--- ACTIVITY ---
Pictures aside, repeat the whole listing word for word.

--- EXTRACTED ENTRIES ---
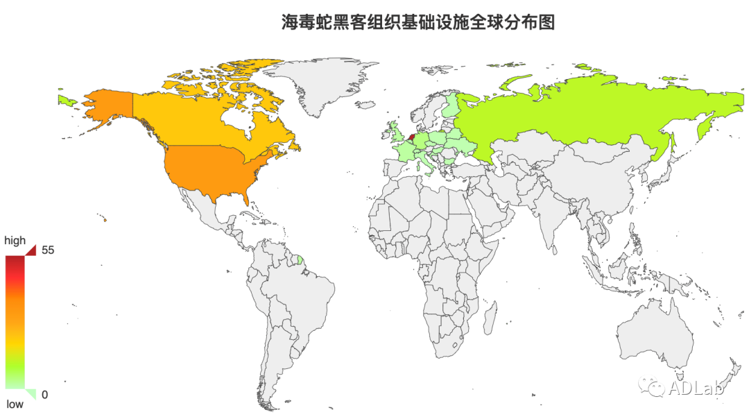 ¡°º£¶¾Éß¡±ºÚ¿Í×éÖ¯³ÖÓдó×Ú¶ñÒâÓòÃûºÍÓÃÓÚÍйܶñÒâÎļþµÄÐéÄâÖ÷»úµÈÍøÂç»ù´¡ÉèÊ©£¬£¬ÎÒÃǶÔÕÆÎյĸúڿÍ×éÖ¯³ÖÓеÄ142¸ö»ù´¡ÉèÊ©×ÊÔ´¾ÙÐÐÁ˵ØÀíλÖÃÂþÑÜͳ¼Æ£¬£¬·¢Ã÷ËüÃÇÖ÷ÒªÂþÑÜÔÚ21¸ö¹ú¼ÒºÍµØÇø£¬£¬ÆäÖÐÂþÑܽÏΪ÷缯µÄ¹ú¼ÒΪºÉÀ¼¡¢ÃÀ¹ú¡¢¼ÓÄô󡢶íÂÞ˹ºÍµÂ¹ú£¬£¬ÓÈÒÔ¡°ºÉÀ¼¡±ºÍ¡°ÃÀ¹ú¡±×îΪ÷缯£¬£¬»®·ÖÊÇ55¸öºÍ31¸ö£¬£¬Í¼9ÊÇÎÒÃÇ»æÖƵĺ£¶¾ÉߺڿÍ×éÖ¯»ù´¡ÉèʩȫÇòÂþÑÜͼ¡£¡£¡£¡£
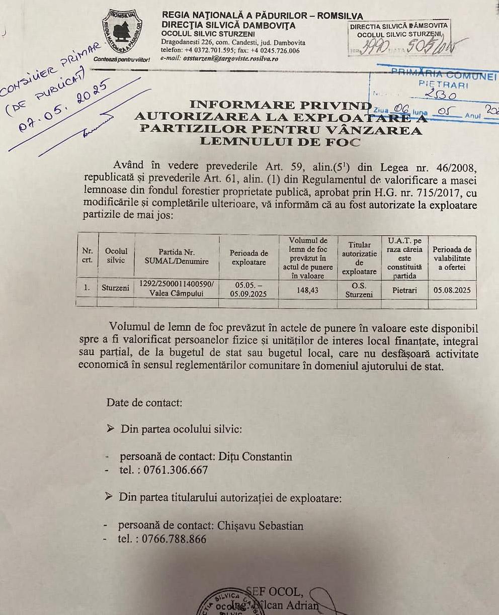 Primăria Pietrari îi informează pe locuitorii comunei că Ocolul Silvic Sturzeni a deschis în zona Valea Câmpului din localitate o partidă de exploatare masă lemnoasă pentru vânzare lemn de foc. Sunt disponibili, conform actului de punere în valoare, 148,43 metri cubi, iar perioada de exploatare se va încheia în data de 5 septembrie 2025.
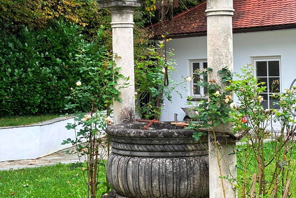 Elementos decorativos para jardín y exteriores: fuentes, estatuas, bancos, puertas y detalles arquitectónicos que aportan encanto y estructura.
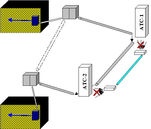 Как видно из рисунка, предоставление абонентам прямой линии требует выделение свободной пары во всех магистралях по пути ее установки. На станцию пара не заходит, а соединяется с парой из следующей магистрали в кроссе. И важным свойством прямой линии является то, что она не заходит ни в ИКМ-тракт или другое оборудование уплотнения, а, следовательно, рабочий диапазон частот не ограничен 3,3кГц и нет потерь из-за временных задержек и дрожания фазы. И последним важным фактором является полная длина прямой (чем больше длина, тем хуже параметры линии), и уже имея этот параметр, можно взяться за выбор модели модемов. В таких случаях рекомендуют либо модемы short-range модемы (модемы “последней мили”), либо широкополосные xDSL модемы с пропускной способностью 2Мбит/с и более. Short-range модемы или модемы "последней мили" - это устройства, используемые для связи между компьютерами, терминалами, контроллерами и другой аппаратурой передачи данных, на сравнительно коротких расстояниях. Например: внутри зданий, в пределах территории кампуса или в границах города. Эти устройства проектируются с целью преодоления ограничений в дальности действия интерфейсов канала передачи данных. Но в последнее время в связи с вытеснением межстанционных медных магистралей ИКМ-трактами, возможность провести прямую линию абоненту в разных районах города (разные АТС) становиться проблемой. Иногда это решается проведением магистралей между распределительными шкафами, а иногда ни каких вариантов кроме ввода в ИКМ-тракт нет. Это наталкивает операторов связи на внедрение современных технологий цифровых сетей. Электронные АТС. В представлении абонента электронные или цифровые АТС - это что-то такое ультрасовременное и недоступное. Хотя в Томске уже более 100000 абонентов обслуживаются именно электронными АТС. Ключевое отличие электронных станций от механических в методе и среде коммутации абонентов.
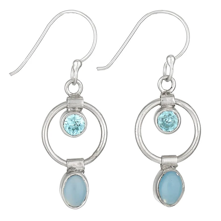Handcrafted round sterling silver dangle earrings with chalcedony and blue topaz.
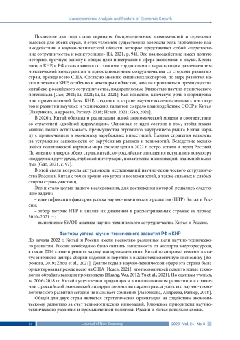 Вопросы научно-технического сотрудничества России и Китая являются предметом изучения как российских, так и китайских экономистов. Однако до сих пор незначительно число работ, посвященных систематизации ключевых индикаторов научнотехнического развития (НТР) указанных стран и влиянию на это развитие санкционного давления. Исследование направлено на восполнение данного пробела. Методология работы базируется на положениях макроэкономического анализа. Использовались методы ретроспективного и компаративного анализа, группировки и SWOT-анализа. Информационной базой послужили данные Росстата, Всемирного банка и Государственного статистического управления КНР. Определены факторы успеха НТР Китая и России, общим для обеих стран признан фактор высокого качества человеческого капитала. Проанализированы индикаторы НТР каждой страны за период 2010–2021 гг., такие как динамика доли расходов на НИОКР в ВВП, доли выданных патентов на изобретения к численности трудоспособного населения страны; доли экспорта и импорта высоких технологий в ВВП; международная публикационная активность и др., и выявлены национальные различия в их масштабах. Выполнен SWOT-анализ научно-технического сотрудничества России и Китая, показавший, что его основной угрозой является санкционное давление. Согласно заключению авторов, такое сотрудничество пока не способствует научно-техническому развитию РФ и, более того, может угрожать ее превращением в ресурсный придаток КНР. Полученные результаты могут быть полезны при разработке дорожных карт и стратегий реализации научно-технического сотрудничества КНР и РФ. Дальнейших исследований требует соответствующее взаимодействие в рамках ключевых высокотехнологичных отраслей
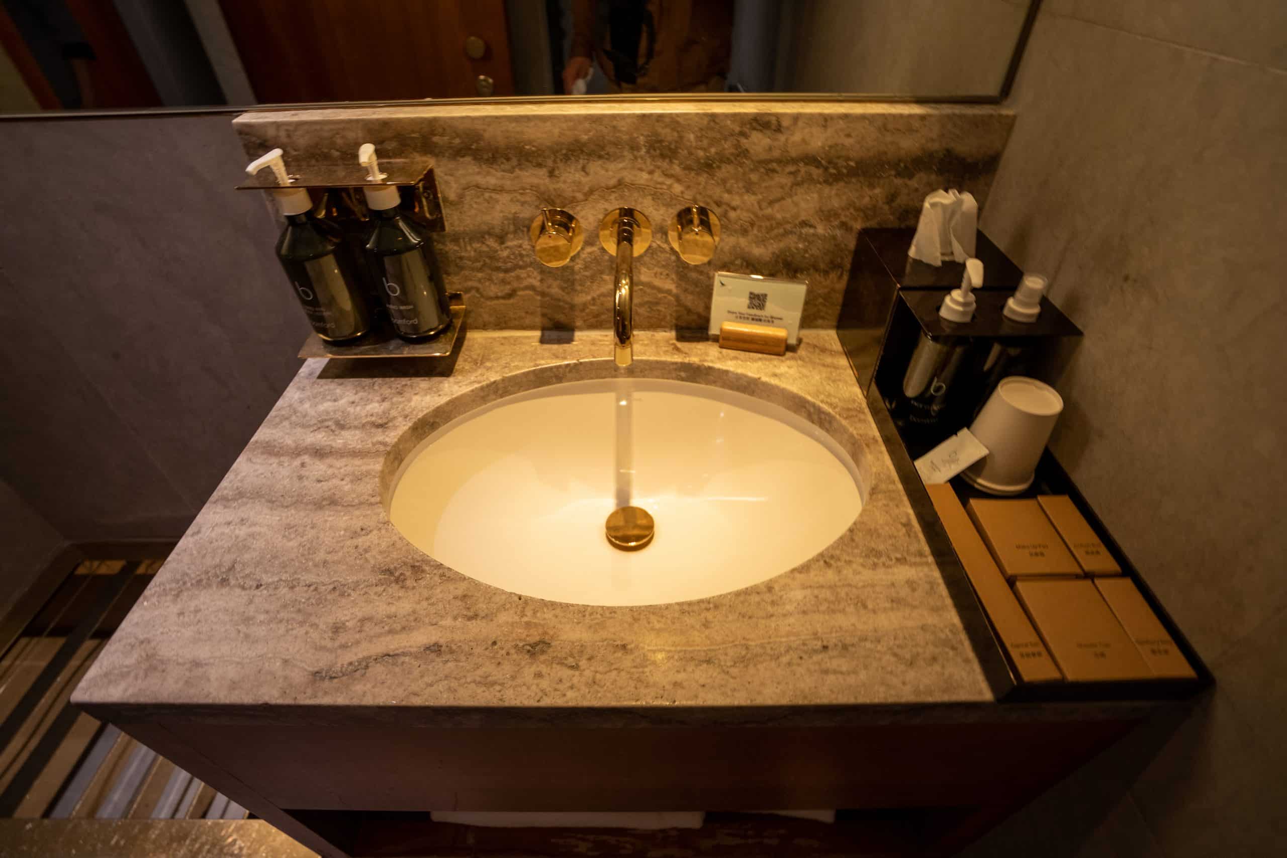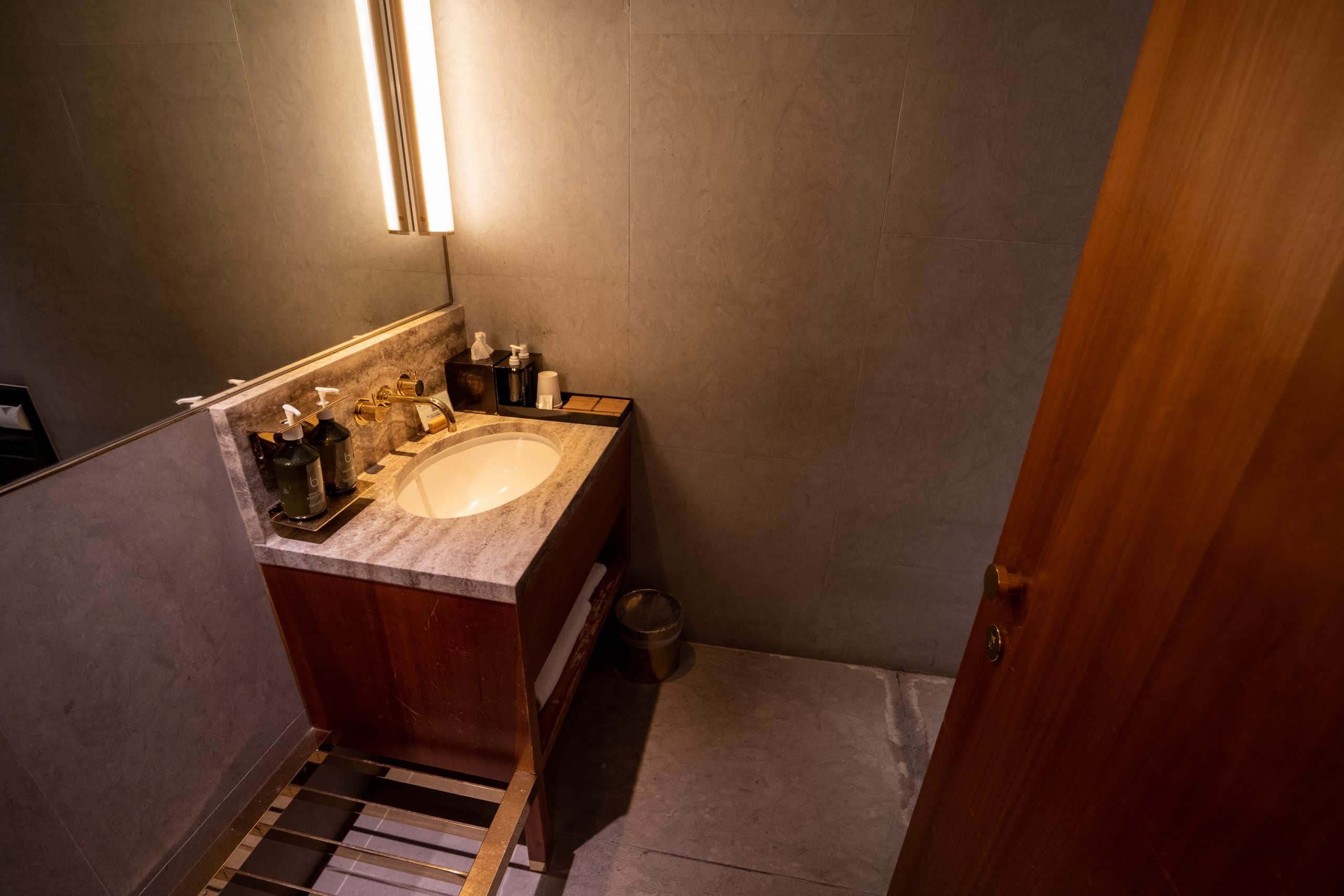 Similarly, the lounge’s washrooms have a clean and modern aesthetic, complete with stylish brass fixtures, elegant marble counters, and Aesop bath amenities.
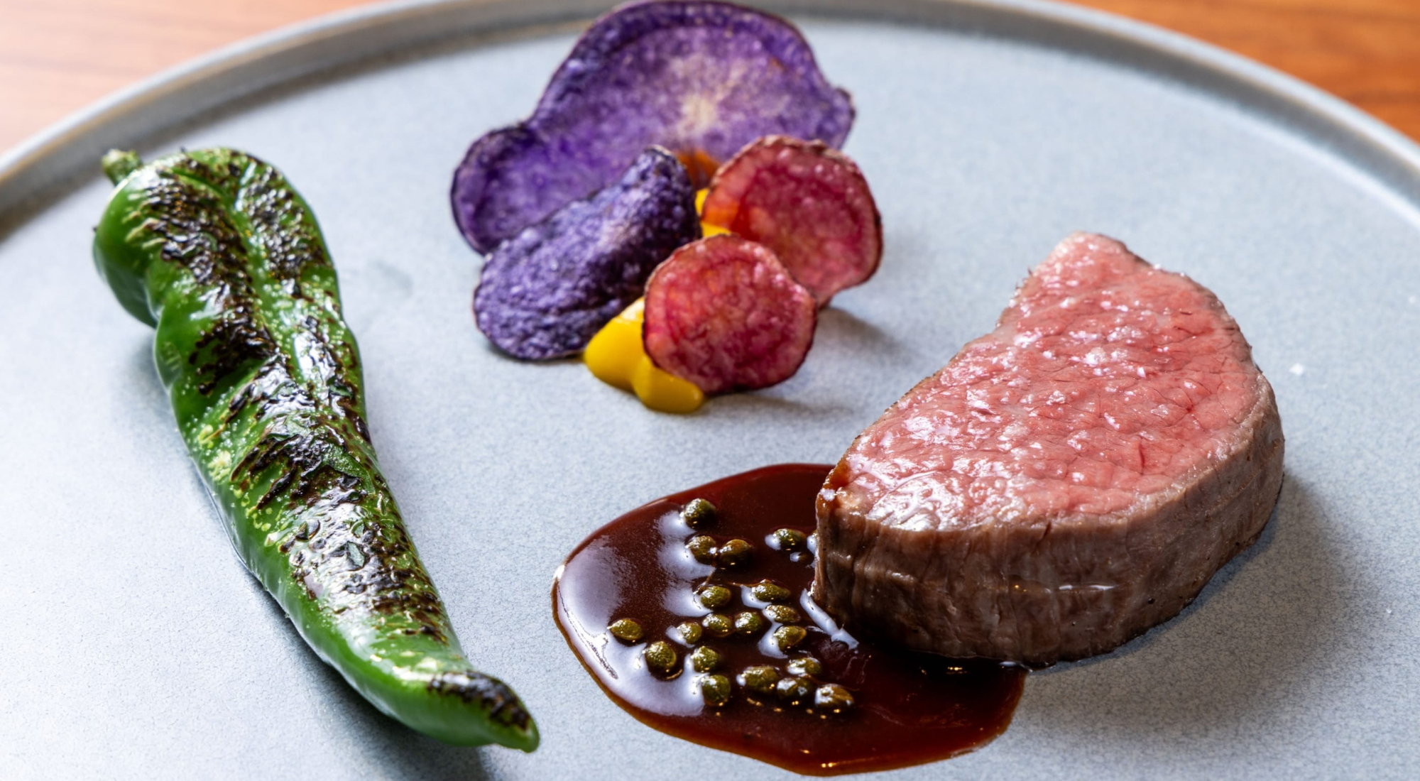 富士の介や鮎、甲州地鶏、甲州牛、富士北麓野菜、季節のフルーツなど、地元・山梨周辺で収穫された四季折々の食材を使い、フランス料理の技法を軸に自由な発想であなただけの料理を組み立てます。
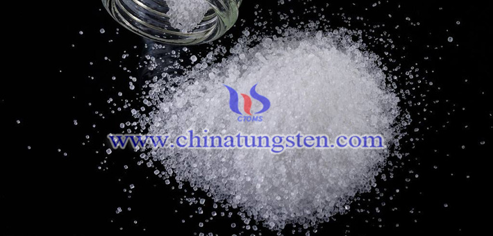 鎢酸銨是一種溶于水、不溶於乙醇、片狀或針狀的白色斜方晶體,其英文名稱(chēng)為ammonium tungstate,分子式為(NH4)10W12O41~xH2O。在20℃時(shí),于水中的溶解度小於2%。在100℃時(shí),它會(huì)失去四分子結(jié)晶水。它可以由鎢酸與氨水作用而得。

--- OUTPUT FOR THIS TASK ---
 ¡°º£¶¾Éß¡±ºÚ¿Í×éÖ¯³ÖÓдó×Ú¶ñÒâÓòÃûºÍÓÃÓÚÍйܶñÒâÎļþµÄÐéÄâÖ÷»úµÈÍøÂç»ù´¡ÉèÊ©£¬£¬ÎÒÃǶÔÕÆÎյĸúڿÍ×éÖ¯³ÖÓеÄ142¸ö»ù´¡ÉèÊ©×ÊÔ´¾ÙÐÐÁ˵ØÀíλÖÃÂþÑÜͳ¼Æ£¬£¬·¢Ã÷ËüÃÇÖ÷ÒªÂþÑÜÔÚ21¸ö¹ú¼ÒºÍµØÇø£¬£¬ÆäÖÐÂþÑܽÏΪ÷缯µÄ¹ú¼ÒΪºÉÀ¼¡¢ÃÀ¹ú¡¢¼ÓÄô󡢶íÂÞ˹ºÍµÂ¹ú£¬£¬ÓÈÒÔ¡°ºÉÀ¼¡±ºÍ¡°ÃÀ¹ú¡±×îΪ÷缯£¬£¬»®·ÖÊÇ55¸öºÍ31¸ö£¬£¬Í¼9ÊÇÎÒÃÇ»æÖƵĺ£¶¾ÉߺڿÍ×éÖ¯»ù´¡ÉèʩȫÇòÂþÑÜͼ¡£¡£¡£¡£
 Primăria Pietrari îi informează pe locuitorii comunei că Ocolul Silvic Sturzeni a deschis în zona Valea Câmpului din localitate o partidă de exploatare masă lemnoasă pentru vânzare lemn de foc. Sunt disponibili, conform actului de punere în valoare, 148,43 metri cubi, iar perioada de exploatare se va încheia în data de 5 septembrie 2025.
 Elementos decorativos para jardín y exteriores: fuentes, estatuas, bancos, puertas y detalles arquitectónicos que aportan encanto y estructura.
 Как видно из рисунка, предоставление абонентам прямой линии требует выделение свободной пары во всех магистралях по пути ее установки. На станцию пара не заходит, а соединяется с парой из следующей магистрали в кроссе. И важным свойством прямой линии является то, что она не заходит ни в ИКМ-тракт или другое оборудование уплотнения, а, следовательно, рабочий диапазон частот не ограничен 3,3кГц и нет потерь из-за временных задержек и дрожания фазы. И последним важным фактором является полная длина прямой (чем больше длина, тем хуже параметры линии), и уже имея этот параметр, можно взяться за выбор модели модемов. В таких случаях рекомендуют либо модемы short-range модемы (модемы “последней мили”), либо широкополосные xDSL модемы с пропускной способностью 2Мбит/с и более. Short-range модемы или модемы "последней мили" - это устройства, используемые для связи между компьютерами, терминалами, контроллерами и другой аппаратурой передачи данных, на сравнительно коротких расстояниях. Например: внутри зданий, в пределах территории кампуса или в границах города. Эти устройства проектируются с целью преодоления ограничений в дальности действия интерфейсов канала передачи данных. Но в последнее время в связи с вытеснением межстанционных медных магистралей ИКМ-трактами, возможность провести прямую линию абоненту в разных районах города (разные АТС) становиться проблемой. Иногда это решается проведением магистралей между распределительными шкафами, а иногда ни каких вариантов кроме ввода в ИКМ-тракт нет. Это наталкивает операторов связи на внедрение современных технологий цифровых сетей. Электронные АТС. В представлении абонента электронные или цифровые АТС - это что-то такое ультрасовременное и недоступное. Хотя в Томске уже более 100000 абонентов обслуживаются именно электронными АТС. Ключевое отличие электронных станций от механических в методе и среде коммутации абонентов.
Handcrafted round sterling silver dangle earrings with chalcedony and blue topaz.
 Вопросы научно-технического сотрудничества России и Китая являются предметом изучения как российских, так и китайских экономистов. Однако до сих пор незначительно число работ, посвященных систематизации ключевых индикаторов научнотехнического развития (НТР) указанных стран и влиянию на это развитие санкционного давления. Исследование направлено на восполнение данного пробела. Методология работы базируется на положениях макроэкономического анализа. Использовались методы ретроспективного и компаративного анализа, группировки и SWOT-анализа. Информационной базой послужили данные Росстата, Всемирного банка и Государственного статистического управления КНР. Определены факторы успеха НТР Китая и России, общим для обеих стран признан фактор высокого качества человеческого капитала. Проанализированы индикаторы НТР каждой страны за период 2010–2021 гг., такие как динамика доли расходов на НИОКР в ВВП, доли выданных патентов на изобретения к численности трудоспособного населения страны; доли экспорта и импорта высоких технологий в ВВП; международная публикационная активность и др., и выявлены национальные различия в их масштабах. Выполнен SWOT-анализ научно-технического сотрудничества России и Китая, показавший, что его основной угрозой является санкционное давление. Согласно заключению авторов, такое сотрудничество пока не способствует научно-техническому развитию РФ и, более того, может угрожать ее превращением в ресурсный придаток КНР. Полученные результаты могут быть полезны при разработке дорожных карт и стратегий реализации научно-технического сотрудничества КНР и РФ. Дальнейших исследований требует соответствующее взаимодействие в рамках ключевых высокотехнологичных отраслей
 Similarly, the lounge’s washrooms have a clean and modern aesthetic, complete with stylish brass fixtures, elegant marble counters, and Aesop bath amenities.
 富士の介や鮎、甲州地鶏、甲州牛、富士北麓野菜、季節のフルーツなど、地元・山梨周辺で収穫された四季折々の食材を使い、フランス料理の技法を軸に自由な発想であなただけの料理を組み立てます。
 鎢酸銨是一種溶于水、不溶於乙醇、片狀或針狀的白色斜方晶體,其英文名稱(chēng)為ammonium tungstate,分子式為(NH4)10W12O41~xH2O。在20℃時(shí),于水中的溶解度小於2%。在100℃時(shí),它會(huì)失去四分子結(jié)晶水。它可以由鎢酸與氨水作用而得。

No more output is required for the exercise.